I miss your sig btw Toni


----------



## Toni Plutonij (Nov 6, 2008)

I'll improve my sig, and it'll be back in some time...I just love this quote from Destructobot...it really fits quite nicely...

And I'm doing this Wham! tribute with WildWon 
	

	
	
		
		

		
		
	


	




, so my old sig is kinda out of place!

R2DJ, looks really nice for beginning.......I don't know where are my works from my first efforts....It was back in year 2000...yeah,  long time ago!!


----------



## R2DJ (Nov 6, 2008)

Thanks for the feedback everyone.  
	

	
	
		
		

		
		
	


	




Well my previous one was done in paint. Paint is really horrible. Still have a lot to learn about Photoshop.


----------



## Reaper (Nov 7, 2008)

Wtf generic background on Yoshi render? I don't like at all but okay for first


----------



## Anakir (Nov 7, 2008)

These were my first and second signatures for photoshop:











I didn't have much experience back then either.


----------



## tyuno123 (Nov 7, 2008)

gratz and I still dont know how to use photoshop


----------



## Raika (Nov 7, 2008)

I has learned photoshop by myself!.....but me is still super noob....


----------



## R2DJ (Nov 7, 2008)

reaper00004 said:
			
		

> Wtf generic background on Yoshi render? I don't like at all but okay for first
> Like I said, I'm a Photoshop noob.
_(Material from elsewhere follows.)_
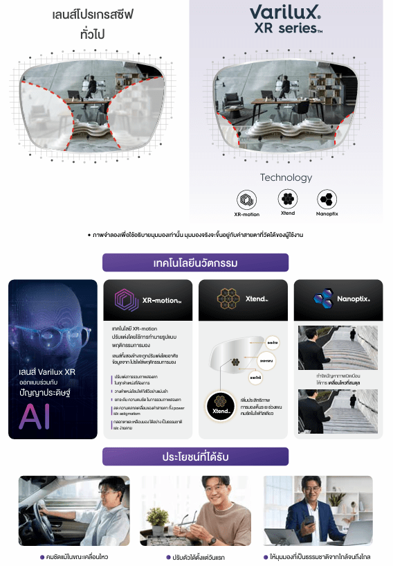 | คุณสมบัติ | Varilux Physio.extensee | Varilux XR Series |
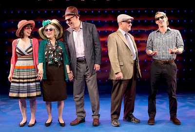 From there, the reviewer's life gets mighty tricky, especially if he wants to spoil as little as he can. (That's my pledge to you, though I might bend it slightly later on.) After all, if a show is literally nothing more than back-to-back-to-back insta-trips to a Catskills club, what more can safely be said about its content without driving a stake right through the heart of its natural hilarity? And if it's delivered by a multitalented cast (comprising three genuine and brilliant oldsters in Marilyn Sokol, Todd Susman, and Lenny Wolpe, and the noticeably younger Bill Army and Audrey Lynn Weston) under laser-precise direction (by Marc Bruni), does anything else matter? I have to go with "no" on this one. Even if you're not familiar with the same-named website that inspired Peter Gethers and Daniel Okrent to create this live adaptation (as, admittedly, I was not), the formula is essentially impenetrable. It's been dressed up a little with a vaudeville-astute set (by David Gallo) that capitalizes on a sliding HDTV for displaying subheadings for the various wisecracks ("Birth," "Sex Before Marriage," and so on) and occasionally depicts locations like a doctor's office or a desert island, and a handful of songs including Tom Lehrer's "Hannukah in Santa Monica" and a bouncy new title song by up-and-coming theatrical composer Adam Gwon. But even if it were just the five performers on a bare, black stage, what's here would still be robust enough to encourage gales of guffaws every minute that rivaland in some cases, it seems, surpasswhat you can currently find on Broadway in the excellent just-opened London import, One Man, Two Guvnors (minus the pratfalls, that is). I'm quite serious. Gethers, Okrent, and Bruni have achieved the near-impossible by assembling an evening in which everythingyes, everythinggets the intended laugh. This isn't to say that every gag lands in exactly the same way every time; at the performance I attended, there were certain pockets of people more predisposed to laugh at certain things than others, and some who had to be coaxed into action gradually. But given the legitimately show-stopping impact of a few of the choicer segments it was equally clear that some things appealed to everyone. Oh yes, even including the gentiles who had somehow ended up in the seats where, one suspects from certain key lines and the script's overall focus, they're more welcomed than they are anticipated (including, for what it's worth, yours truly). It's tough to argue with a track record like that, so I'm not going to trythough inclusion of one maudlin monologue for each "character" and a birth-to-death sequence about a Jewish men named Saperstein come perilously close to interrupting the flow. I am, however, compelled to mention one potential caveat, and it's not a small one: the jokes themselves. They're not all Henny Youngman knock-offs, but a number of them investigate that territory thoroughly, and just about all the rest are sufficiently time-tested that Youngman's great-grandmother would have found them knee-slappers as a girl. And despite PR that suggesting a lot of what you'll hear has been reinvented, that's only the case if you consider "acted out" rather than just "told" as a reinventionwhich I, for one, don't. That helps preserve freshness, but even so, there's something abrasive about 80 intermissionless minutes of this; what begins as a rollicking novelty grows familiar quickly, and if you find your patience starting to fray around the halfway pointwell, you're not alone. But for the most part, the cast makes Old Jews Telling Jokes pretty irresistible. Sokol acquires national treasure status with this material: Her timing could not be better, and her barking of key punch lines ("So you're not married?", "He had a hat!") alone is worth the price of admission. Wolpe carries the bulk of the evening's musical load, but is just as deftly delightful at the merriment-makinghe takes the lead role in two of the centerpiece scenes, one about (ahem) "The Drobkin Fart" and another about a Jew gone WASPy, and is silky smooth in both. Susman's subtle, almost apologetic, delivery is a fine match for his cast mates' brasher bravado, but is every bit as joyous. Army is a major find, wonderfully malleable in a wide variety of roles; and Weston's delightful knife-in-the-back sense of humor nicely compensates for her generally overstated reactions to the audience's screams. Although, really, who can blame her? Given how sanitized, manufactured, and mechanical so many shows are today, it can't be easy for actors to adjust to audiences once again being fully in control. They are at the Westside Theatre now, and likely will be for the foreseeable futureand that's okay. Old Jews Telling Jokes may not advance the cause of comedyat allbut in providing such a thrilling throwback to the days when life really was something to laugh about, it provides a service that, in its own way, is every bit as valuable and necessary.

I'm planning to make a dynamic BG though.
> 
> QUOTE(tyuno123 @ Nov 7 2008, 03:19 AM) gratz and I still dont know how to use photoshop


Photoshop for Dummies is my recommendation for you.


----------



## Noitora (Nov 7, 2008)

R2DJ said:
			
		

> reaper00004 said:
> 
> 
> 
> ...


No need to read books, you can just open an image and exercise, that's what I did, and it kinda pays off


----------



## Killermech (Nov 7, 2008)

Fastest way to learn photoshop (or any other program really) is to do tutorials in my experience.
I had a similar class to yours a long time ago, I remember back then I just did lots of random online tutorials for a week.
By the time I came back, I pretty much learned everything that was going to be taught in the class for the upcoming year.


----------



## wichiandy (Nov 7, 2008)

R2DJ that was great and the colors blend well too. You are also proven you could make some simplicity method, it means that you are not really in beginner level. (Why? some of my students even couldn't do such thing! They are always using the others method ~.~)
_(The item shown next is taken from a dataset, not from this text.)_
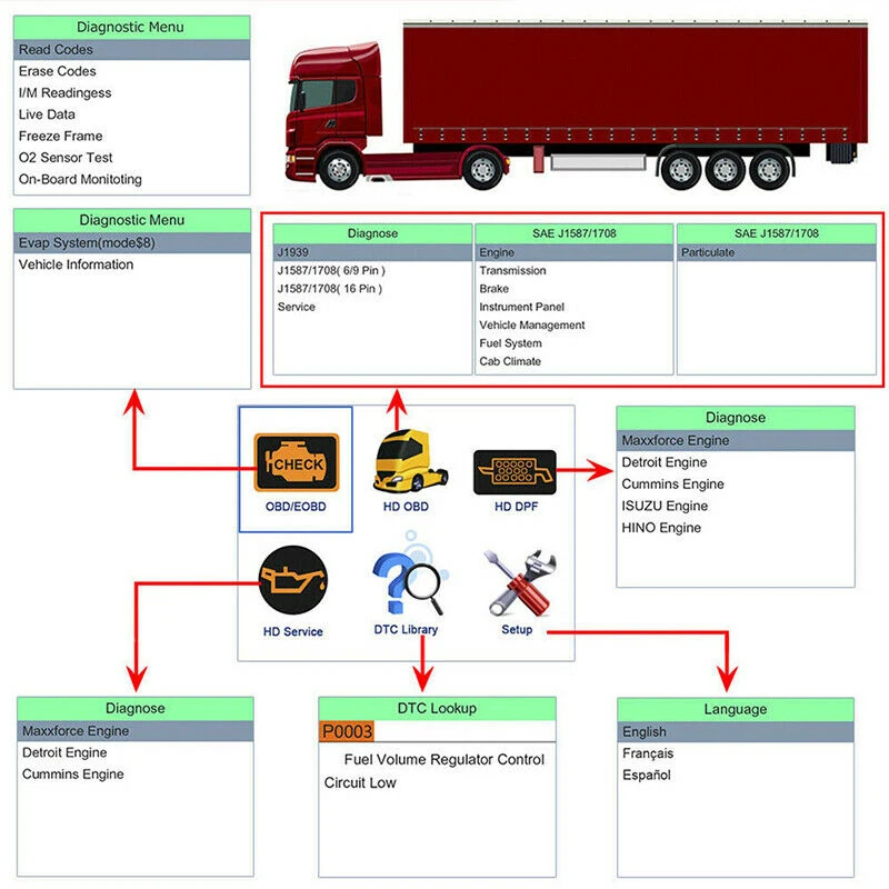 For Car and Truck V500 OBD OBD2 Scanner 2 in 1 Car Auto Diagnostic Tool CR-HD Heavy Duty Truck EOBD OBD PK ELM327 V1.5 NL102
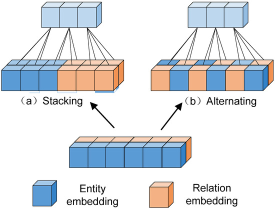 In knowledge graphs, triplets exist in forms such as text, numerical values, and symbols, which cannot be directly computed. Therefore, -dimensional embeddings are initialized for all entities and relations , generating vector representations for entities and relations . In order to more accurately establish the connections between entities and relations, the entity embeddings and relation embeddings are treated as a whole to capture more semantic information. During the vector reshaping process, the traditional stacking method is abandoned in favor of the alternating reshaping method, aimed at enhancing the interaction between entities and relations to capture more latent information. As shown in Figure 2, the alternating reshaping method is used to connect an entity and a relation, resulting in the following matrix [16]:

So, keep in mind what are you already done in photoshop, and, don't forget to always hone your skills


How do I photoshop?
Simple, I always allow my mind to chain reaction. It is about cause and effects, it means that I know photoshop approx. 65% based from my previous experience and not only that. I always see other people's work creation that allows me to fill some imagination, it means, try to keep update and know how they did.

Good luck, keep your best and try not to ashame but keep going on to your own success!

Wichiandy


----------



## Rock Raiyu (Nov 7, 2008)

Raika said:
			
		

> I has learned photoshop by myself!.....but me is still super noob....


Same!...cept I'm not a *SUPER* n00b.


----------



## Mei-o (Nov 7, 2008)

Congrats! You can try looking for tuts and maybe a bit of harsh criticism! Trust me, it helps!


----------